### Problem requirements
A faithful copy is required: transcribe each line below exactly, minus the pictures.

### Data section
*****

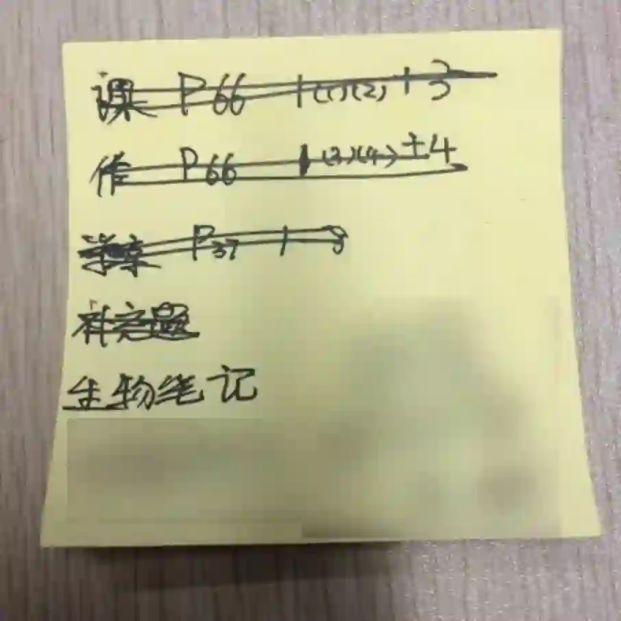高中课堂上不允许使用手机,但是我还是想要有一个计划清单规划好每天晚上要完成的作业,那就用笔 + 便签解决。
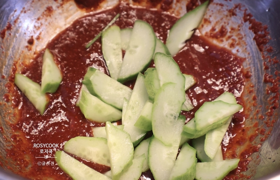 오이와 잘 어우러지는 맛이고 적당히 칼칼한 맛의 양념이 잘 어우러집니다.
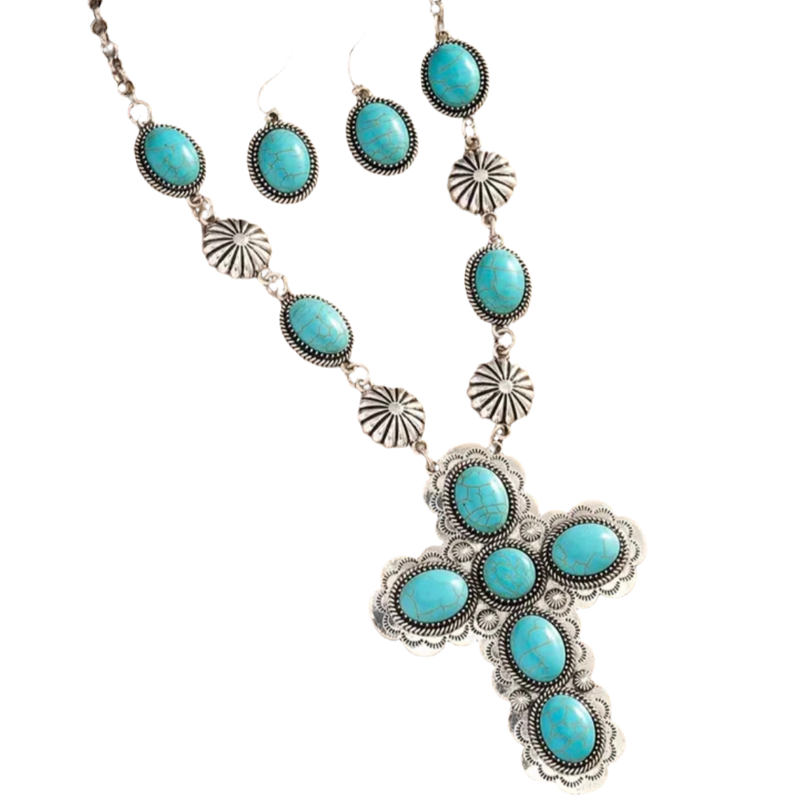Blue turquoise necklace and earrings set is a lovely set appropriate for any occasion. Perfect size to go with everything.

*****

### Answer box
高中课堂上不允许使用手机,但是我还是想要有一个计划清单规划好每天晚上要完成的作业,那就用笔 + 便签解决。
 오이와 잘 어우러지는 맛이고 적당히 칼칼한 맛의 양념이 잘 어우러집니다.
Blue turquoise necklace and earrings set is a lovely set appropriate for any occasion. Perfect size to go with everything.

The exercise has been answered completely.